In recent years, members of the Leech family of Manchester and Ashton- under-Lyne have presented Chetham's Library with a large and diverse collection of personal and business memorabilia stretching over two centuries.
The family papers comprise many hundreds of letters, business and household accounts, cashbooks, photographs and sketches, as well as an enormous amount of carefully hoarded ephemera, juvenilia, genealogical research, travel documents, souvenirs and postcards.
The archive is a uniquely personal collection which is dominated by an astonishing series of journals and personal diaries, and begins with a short journal written in 1815-16 by the young Thomas Leech (1790-1863). Thomas appears to have encouraged his wife and children to produce their own diaries, beginning a family tradition that at times borders on the obsessional. There are almost two hundred diaries in the collection, a remarkable record that is unlikely to be matched by any other collection in the country.

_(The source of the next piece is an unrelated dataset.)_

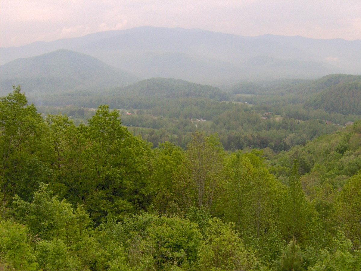 The Cosby valley, looking northwest from Foothills Parkway (Green Mountain). The Caton's Grove area is below on the left.

These pages are intended to highlight how the family viewed itself and the different ways in which diaries were used by successive generations of the family. It is necessarily selective – the Leech archive occupies over one hundred and eighty linear metres of shelving and consists of seventy archival boxes, over three hundred bound volumes of manuscripts and over seven hundred printed books.
The archive survives not simply because the family were mere hoarders of material, but because successive generations used the collection to re-tell the family’s history. In the Leech collection we have something quite unique: the most important collection of the workings of a middle-class family in the modern age.